About this task:
Each entry should be given again exactly, with any image left out.

*** Given information ***

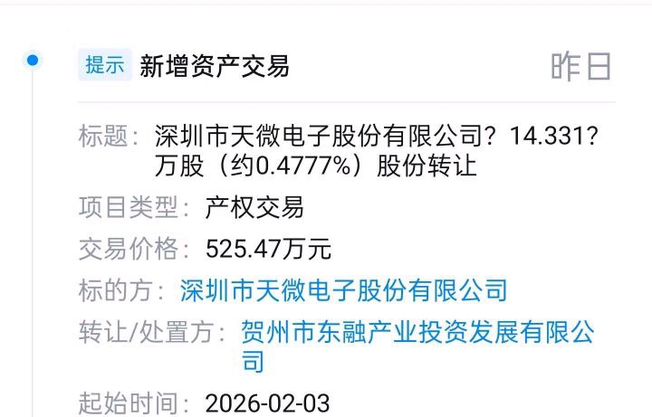 这是它3号的一次股权转让,可以大致算出深圳天微电子股份有限公司在一级市场的估值是11亿。
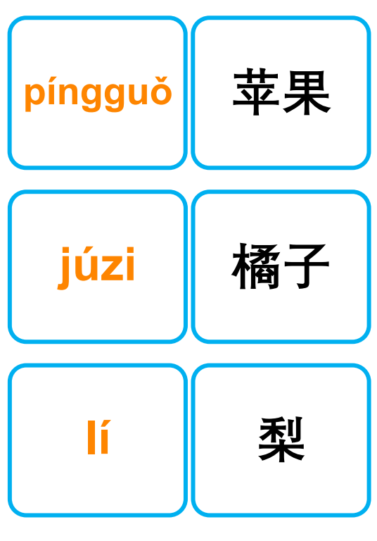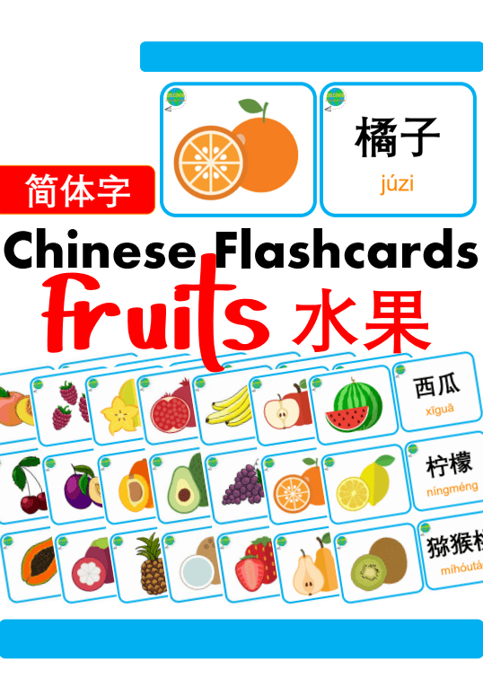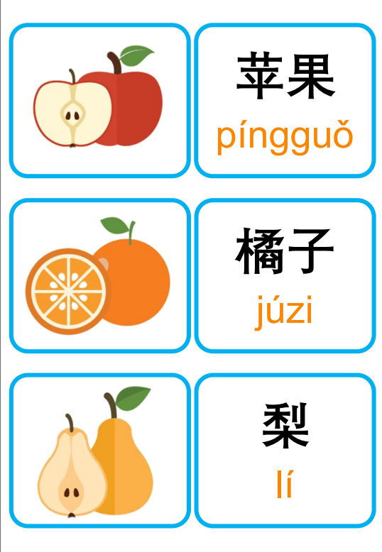 Thẻ Flashcard ghi nhớ tiếng Trung phổ thông để học từ vựng về trái cây, với các ký tự tiếng Trung giản thể, phiên âm và thanh điệu. Hoàn hảo để giáo viên dạy từ vựng, trang trí lớp học, hoạt động ghép đôi, trò chơi nhóm và trưng bày trên tường!
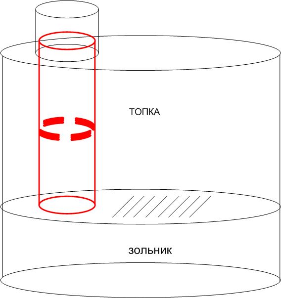 Идея видна из рисунка, труба ставится в печь без дополнительного крепежа и опирается на дно топки. Прорези в ней сделаны примерно в пол-высоты топки для образования кармана с горячими газами под "потолком" топки. Общее сечение прорезей должно быть в разы больше щелей в закрытой дверке топки + поддувала, иначе угорим...
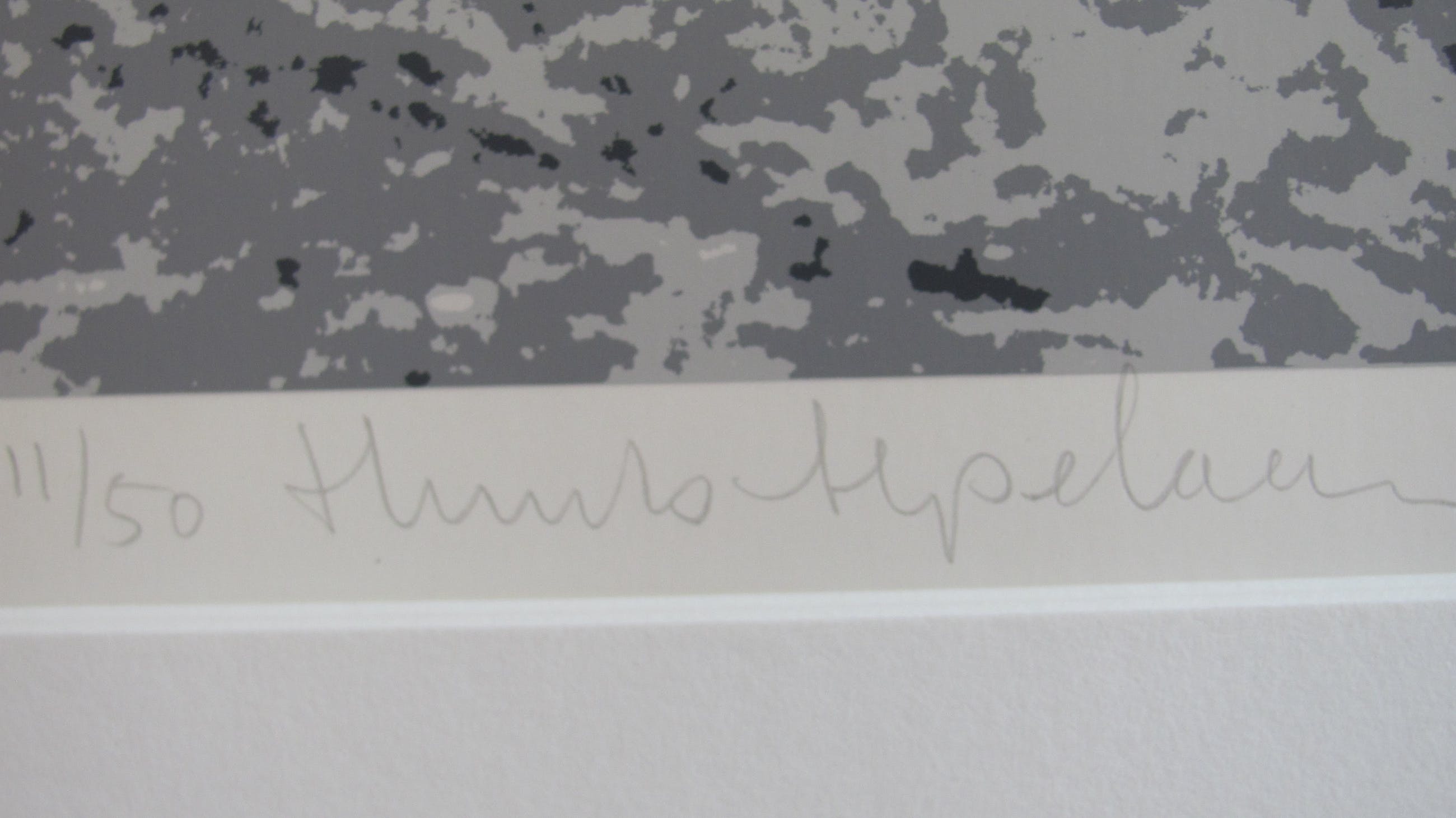 In uitstekende staat verkerende zeefdruk (silkscreen). De lijst heeft enkele kleine plekjes en geen glas.
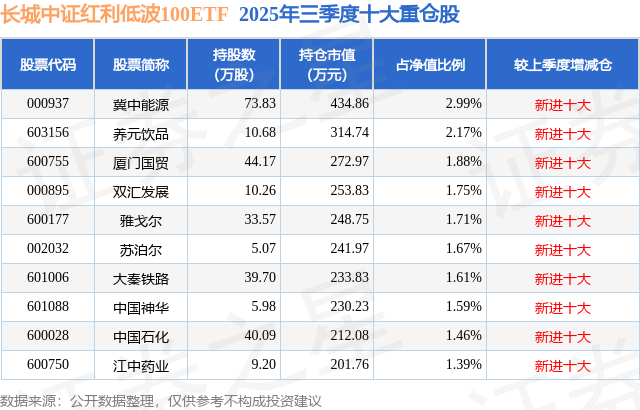 长城中证红利低波100ETF基金成立于2025年6月5日,基金经理为陶曙斌,基金跟踪标的为中证红利低波动100指数,成立以来超额回报为3.16%,近一个月超额回报为0.1%。最新披露的基金持仓数据显示,截止2025年9月30日,该基金第一大重仓股为冀中能源(000937),持股占比为2.99%。
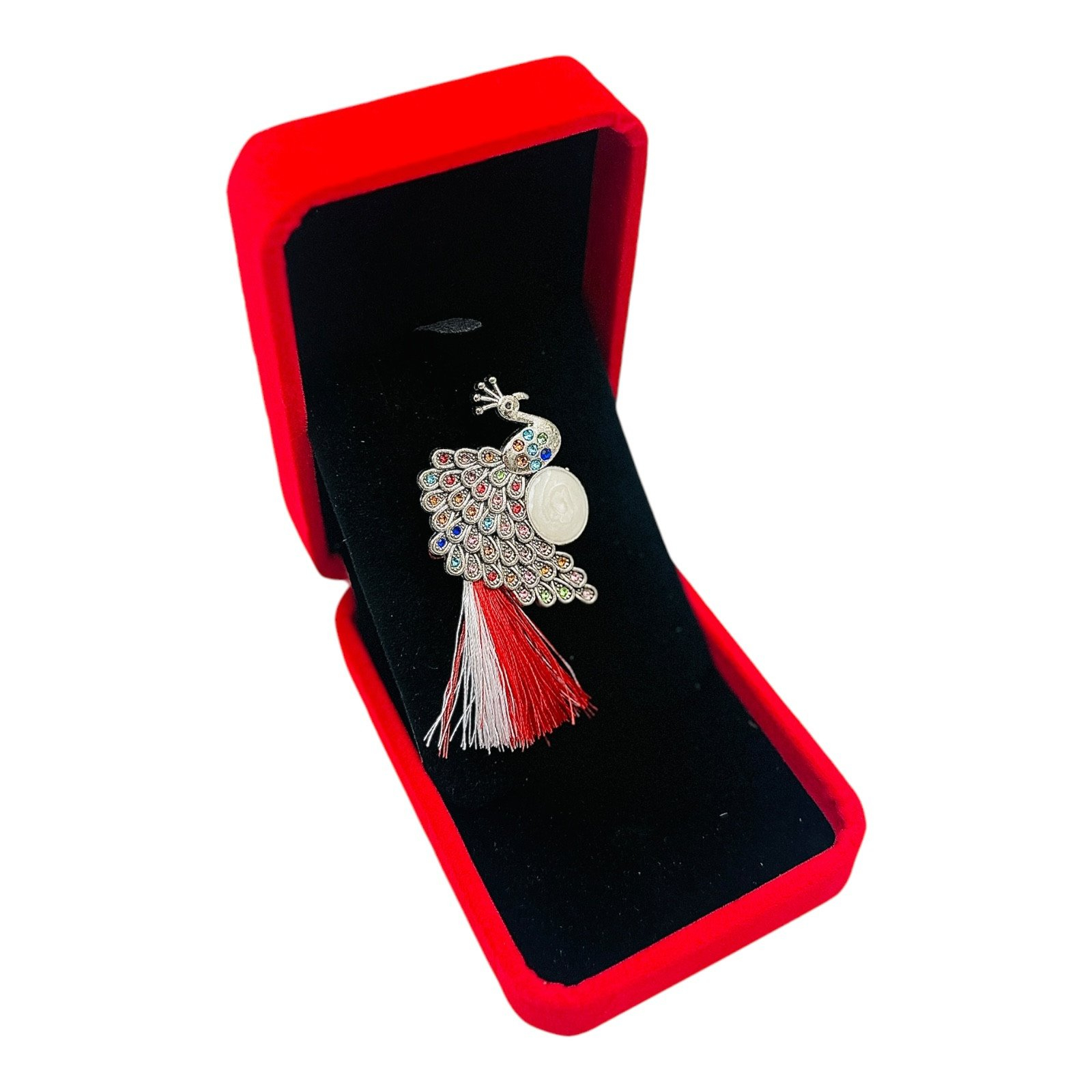 dauga o nota de opulenta si sofisticare in colectia ta de accesorii cu aceasta brosa spectaculoasa in forma de paun, disponibila pentru comenzi . Inspirata din frumusetea naturii, brosa este decorata cu strasuri de inalta calitate, dispuse meticulos pentru a crea un joc impresionant de lumini si culori. Designul sau rafinat este completat de fire subtiri in nuante de alb si rosu, care adauga un aer de gratie si fluiditate intregului aspect.Aceasta piesa unica de bijuterie este perfecta pentru clientele care cauta ceva exclusivist, fie pentru ocazii speciale, fie pentru a-si transforma tinutele zilnice in adevarate declaratii de stil. Cutia rosie eleganta in care este prezentata amplifica senzatia de lux, fiind ideala si pentru a fi oferita cadou.Avantaje pentru vanzare :Design atemporal, potrivit pentru diverse gusturi.Calitate premium, garantata sa impresioneze orice client.Ambalaj elegant, gata pentru prezentare directa.Fii distribuitorul care ofera accesorii ce emana eleganta si rafinament. Aceasta brosa este alegerea perfecta pentru a cuceri segmentul premium al pietei.
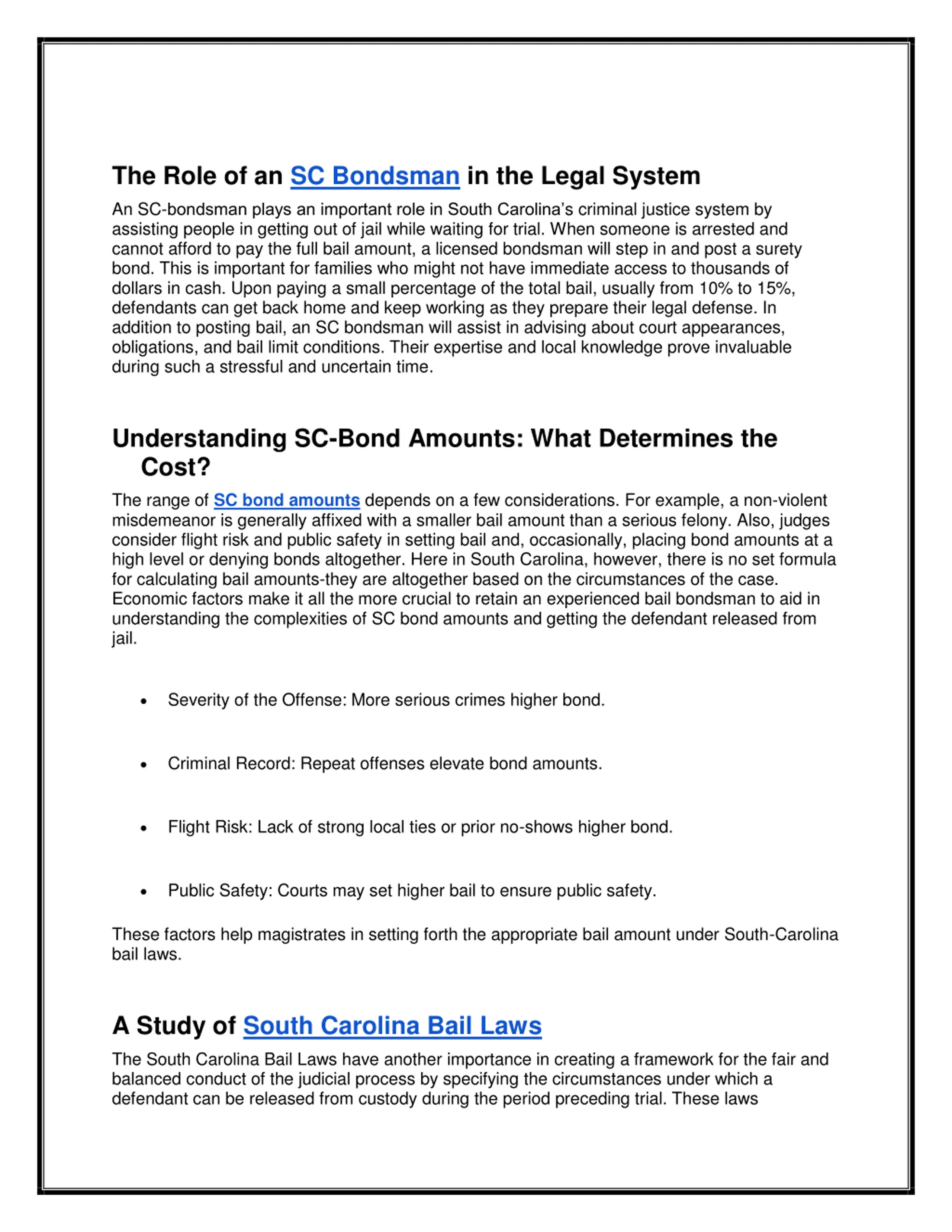 The Role of an SC Bondsman in the Legal System An SC-bondsman plays an important role in South Carolina s criminal justice system by assisting people in getting out of jail while waiting for trial. When someone is arrested and cannot afford to pay the full bail amount, a licensed bondsman will step in and post a surety bond. This is important for families who might not have immediate access to thousands of dollars in cash. Upon paying a small percentage of the total bail, usually from 10% to 15%, defendants can get back home and keep working as they prepare their legal defense. In addition to posting bail, an SC bondsman will assist in advising about court appearances, obligations, and bail limit conditions. Their expertise and local knowledge prove invaluable during such a stressful and uncertain time. Understanding SC-Bond Amounts: What Determines the Cost? The range of SC bond amounts depends on a few considerations. For example, a non-violent misdemeanor is generally affixed with a smaller bail amount than a serious felony. Also, judges consider flight risk and public safety in setting bail and, occasionally, placing bond amounts at a high level or denying bonds altogether. Here in South Carolina, however, there is no set formula for calculating bail amounts-they are altogether based on the circumstances of the case. Economic factors make it all the more crucial to retain an experienced bail bondsman to aid in understanding the complexities of SC bond amounts and getting the defendant released from jail. Severity of the Offense: More serious crimes higher bond. Criminal Record: Repeat offenses elevate bond amounts. Flight Risk: Lack of strong local ties or prior no-shows higher bond. Public Safety: Courts may set higher bail to ensure public safety. These factors help magistrates in setting forth the appropriate bail amount under South-Carolina bail laws. A Study of South Carolina Bail Laws The South Carolina Bail Laws have another importance in creating a framework for the fair and balanced conduct of the judicial process by specifying the circumstances under which a defendant can be released from custody during the period preceding trial. These laws

*** End of Given information ***

Result of this task:
 这是它3号的一次股权转让,可以大致算出深圳天微电子股份有限公司在一级市场的估值是11亿。
 Thẻ Flashcard ghi nhớ tiếng Trung phổ thông để học từ vựng về trái cây, với các ký tự tiếng Trung giản thể, phiên âm và thanh điệu. Hoàn hảo để giáo viên dạy từ vựng, trang trí lớp học, hoạt động ghép đôi, trò chơi nhóm và trưng bày trên tường!
 Идея видна из рисунка, труба ставится в печь без дополнительного крепежа и опирается на дно топки. Прорези в ней сделаны примерно в пол-высоты топки для образования кармана с горячими газами под "потолком" топки. Общее сечение прорезей должно быть в разы больше щелей в закрытой дверке топки + поддувала, иначе угорим...
 In uitstekende staat verkerende zeefdruk (silkscreen). De lijst heeft enkele kleine plekjes en geen glas.
 长城中证红利低波100ETF基金成立于2025年6月5日,基金经理为陶曙斌,基金跟踪标的为中证红利低波动100指数,成立以来超额回报为3.16%,近一个月超额回报为0.1%。最新披露的基金持仓数据显示,截止2025年9月30日,该基金第一大重仓股为冀中能源(000937),持股占比为2.99%。
 dauga o nota de opulenta si sofisticare in colectia ta de accesorii cu aceasta brosa spectaculoasa in forma de paun, disponibila pentru comenzi . Inspirata din frumusetea naturii, brosa este decorata cu strasuri de inalta calitate, dispuse meticulos pentru a crea un joc impresionant de lumini si culori. Designul sau rafinat este completat de fire subtiri in nuante de alb si rosu, care adauga un aer de gratie si fluiditate intregului aspect.Aceasta piesa unica de bijuterie este perfecta pentru clientele care cauta ceva exclusivist, fie pentru ocazii speciale, fie pentru a-si transforma tinutele zilnice in adevarate declaratii de stil. Cutia rosie eleganta in care este prezentata amplifica senzatia de lux, fiind ideala si pentru a fi oferita cadou.Avantaje pentru vanzare :Design atemporal, potrivit pentru diverse gusturi.Calitate premium, garantata sa impresioneze orice client.Ambalaj elegant, gata pentru prezentare directa.Fii distribuitorul care ofera accesorii ce emana eleganta si rafinament. Aceasta brosa este alegerea perfecta pentru a cuceri segmentul premium al pietei.
 The Role of an SC Bondsman in the Legal System An SC-bondsman plays an important role in South Carolina s criminal justice system by assisting people in getting out of jail while waiting for trial. When someone is arrested and cannot afford to pay the full bail amount, a licensed bondsman will step in and post a surety bond. This is important for families who might not have immediate access to thousands of dollars in cash. Upon paying a small percentage of the total bail, usually from 10% to 15%, defendants can get back home and keep working as they prepare their legal defense. In addition to posting bail, an SC bondsman will assist in advising about court appearances, obligations, and bail limit conditions. Their expertise and local knowledge prove invaluable during such a stressful and uncertain time. Understanding SC-Bond Amounts: What Determines the Cost? The range of SC bond amounts depends on a few considerations. For example, a non-violent misdemeanor is generally affixed with a smaller bail amount than a serious felony. Also, judges consider flight risk and public safety in setting bail and, occasionally, placing bond amounts at a high level or denying bonds altogether. Here in South Carolina, however, there is no set formula for calculating bail amounts-they are altogether based on the circumstances of the case. Economic factors make it all the more crucial to retain an experienced bail bondsman to aid in understanding the complexities of SC bond amounts and getting the defendant released from jail. Severity of the Offense: More serious crimes higher bond. Criminal Record: Repeat offenses elevate bond amounts. Flight Risk: Lack of strong local ties or prior no-shows higher bond. Public Safety: Courts may set higher bail to ensure public safety. These factors help magistrates in setting forth the appropriate bail amount under South-Carolina bail laws. A Study of South Carolina Bail Laws The South Carolina Bail Laws have another importance in creating a framework for the fair and balanced conduct of the judicial process by specifying the circumstances under which a defendant can be released from custody during the period preceding trial. These laws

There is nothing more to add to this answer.